Perhaps we'll never know why Mike Jarvis, the coach at St. John's, was fired six games into the season. Each side -- coach and university -- told reporters on Friday that they were sworn to a legal oath of silence regarding the specifics of the sudden dismissal.
But this was a stunning story in the saga of a conference losing luster and life force before our very eyes.
On Friday, one of the Big East Conference's cornerstone programs lost one of its high-profile coaches in historic fashion: Jarvis is the first head coach to be fired during the season in the 25-year history of the conference.
Friday's events were less about the woes of the conference, however, than about the problems of one of its founding members.
What did Jarvis do to make such history? St. John's athletic director, Dave Wegrzyn, said repeatedly that the parting was in the best interests of both parties. After an impromptu news conference on the campus in Queens, Wegrzyn said ominously, "Believe me, this was in both parties' interest."
This raises more questions than it answers. Why the rush? Jarvis said he wanted to finish out the season.
Was there a deep, dark scandal, some act of indiscretion? Wegrzyn said there was not.

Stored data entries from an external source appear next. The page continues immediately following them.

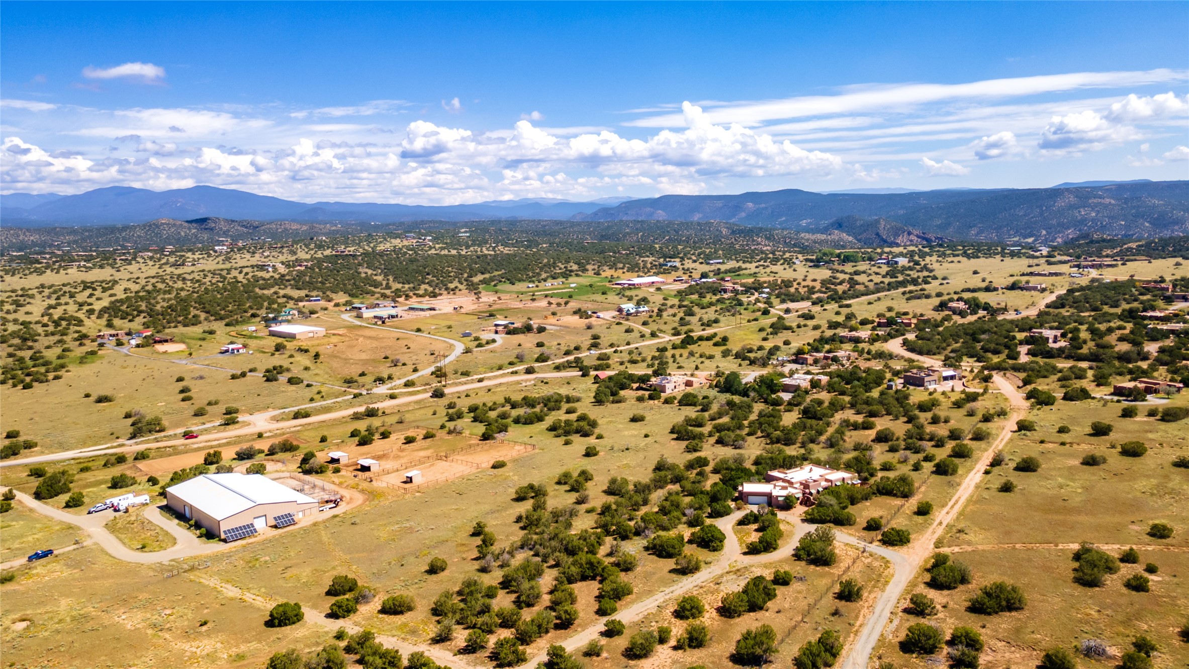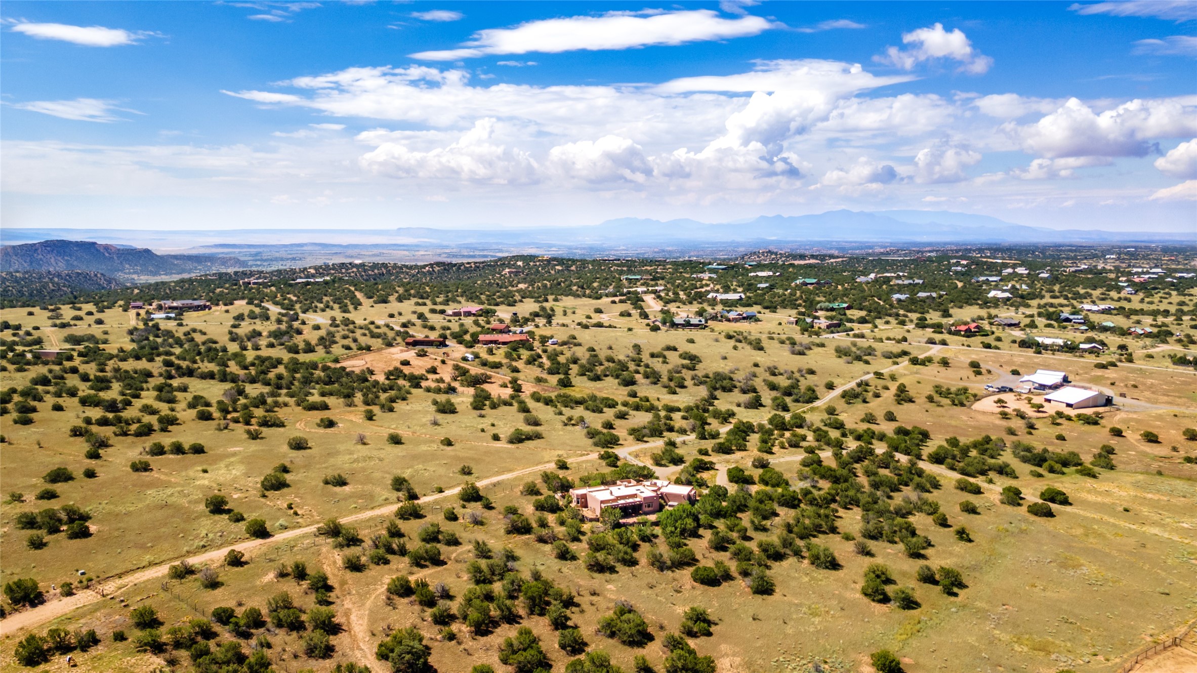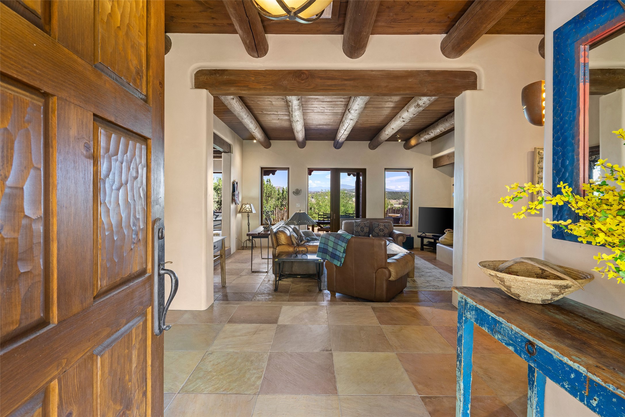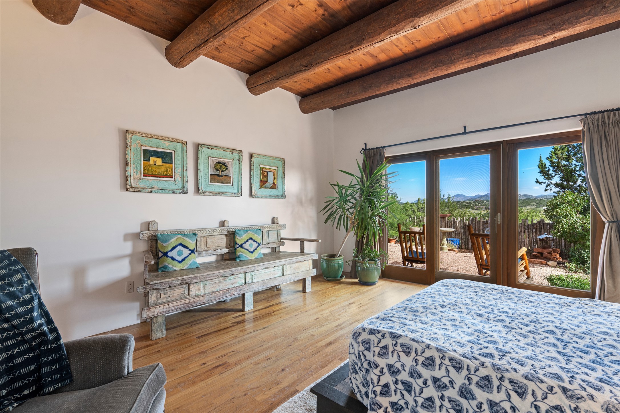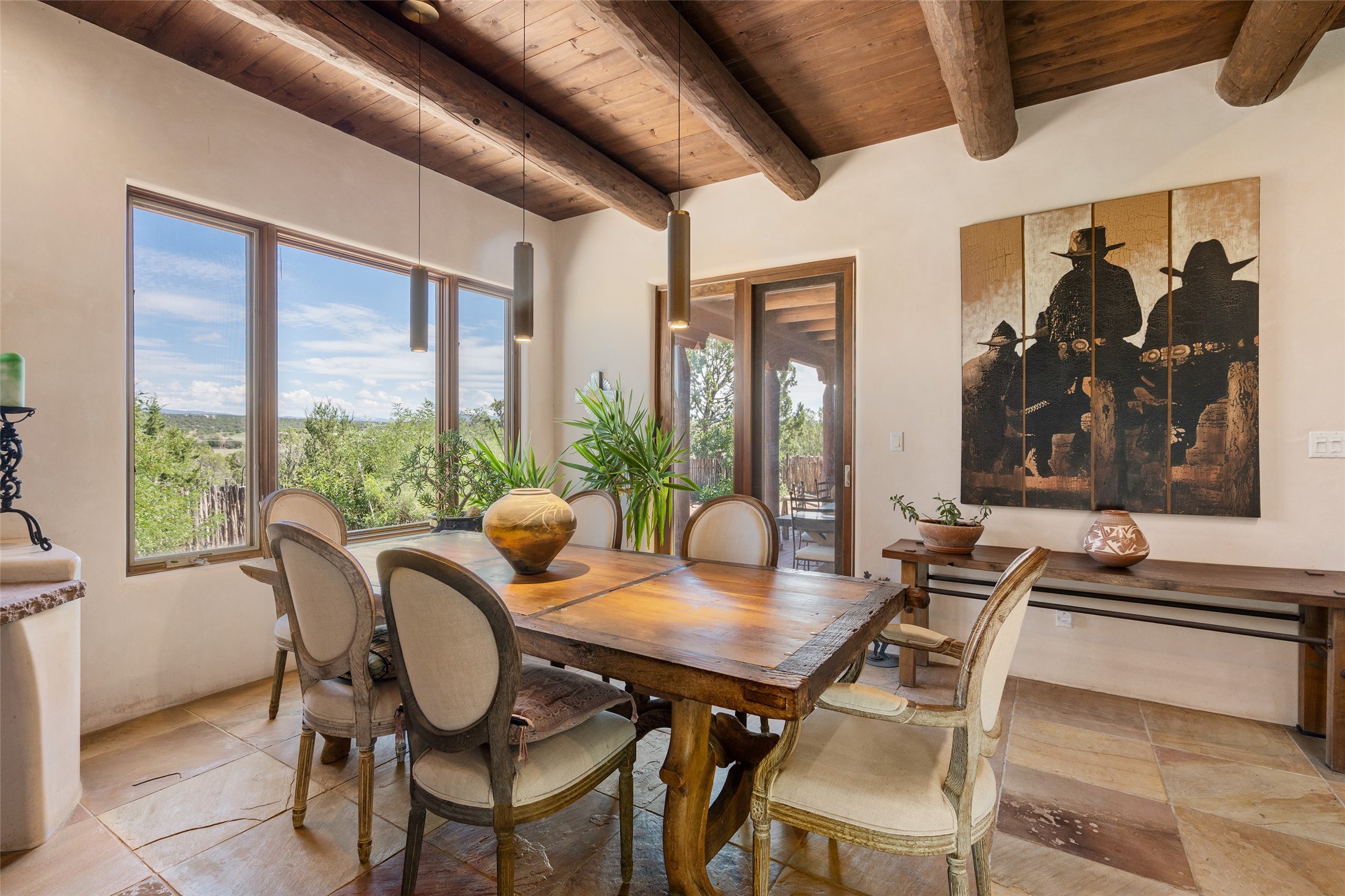 Peaceful Country Living with Room to Roam! If you've been searching for unencumbered horse property, extra elbow room, or simply a serene retreat away from the bustle, this exceptional home delivers. Nestled on 10 fenced acres at the end of a private lane, the elevated setting offers breathtaking eastern views of the Sangre de Cristo Mountains. Enjoy your mornings with sunlit vistas and your evenings under the shaded portal, where sunsets dance across the mountains.A welcoming enclosed courtyard and striking entryway lead inside, where sandstone floors contrast beautifully with vigas and wood-beamed ceilings. Smooth plaster walls add elegance, while thoughtful upgrades throughout the home reflect quality and care. The split three-bedroom floor plan is enhanced by a spacious bonus room with a closet, currently used as an office and game room. The updated kitchen features stainless steel appliances, a convection cooktop, and a cozy dining nook warmed by a kiva fireplace. The owner's suite is a retreat of its own with mountain views, outdoor access, and a luxurious 400+/- square foot bath, boasting a claw-foot soaking tub, steam shower, dual vanities, and a private water closet with bidet. You will also love the spacious laundry room with plenty of storage and utility sink and access to the back yard. Practical amenities include a shared well on the property that supplies both domestic water and drip irrigation, with the option to connect to the community water system if desired. A brand-new TPO roof was installed in 2018. On the acreage, an alternate site with electric and water is ready for a barn, guest house, or studio--making this property as versatile as it is beautiful. Come experience the best of Northern New Mexico living--space, views, and a home filled with timeless Santa Fe character.
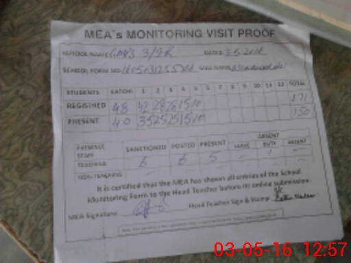 | Attendance Register | Head Teacher | MEA with School | Visit Proof |
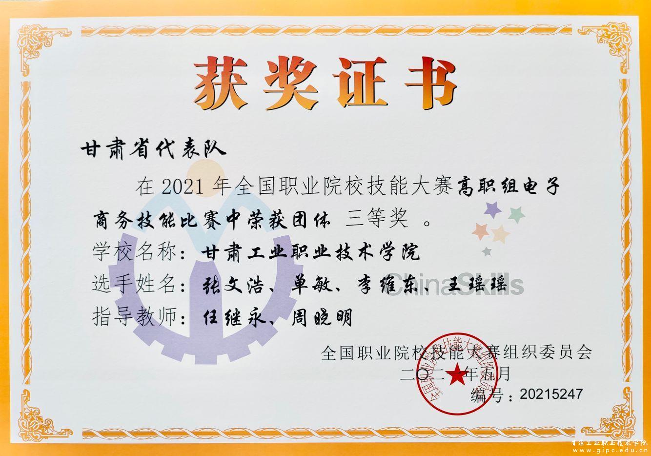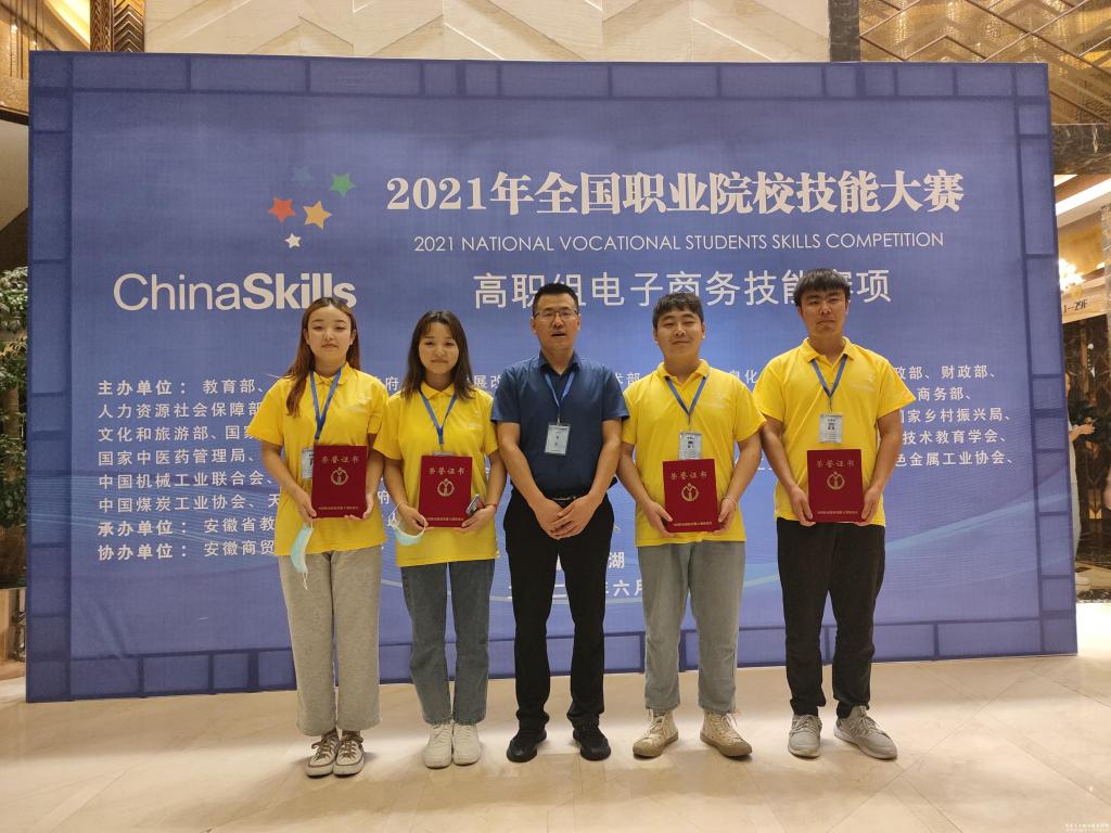 6月18日至6月19日,2021年全国职业院校技能大赛高职组“电子商务”技能赛项在安徽商贸职业技术学院举行,我校电子商务专业4名学子组成的代表队,代表甘肃省参加本次大赛,喜获该赛项团体三等奖。

The simple explanation may be that Jarvis was the victim of an emerging demand for higher standards in intercollegiate athletics.
After running clean programs at Boston University and George Washington, Jarvis took on high Division I and ran into the type of problems that often accompany that level's players.
The senior guard Willie Shaw was arrested on a marijuana possession charge last month and kicked off the team.
Shaw was also suspended for four games at the end of his sophomore season after testing positive for marijuana.
Just days before the 2002-2003 season, Grady Reynolds was arrested on a charge that he attacked a female student in a dormitory. Reynolds was ordered to perform community service and undergo anger management counseling to settle the charges, which will be dismissed in six months if he is not arrested again.
Maybe St. John's action is the beginning of zero tolerance among college presidents who want high-profile programs -- which offer a window on the university -- to be squeaky clean. If that's all there is to the firing, the dismissal sends a good message.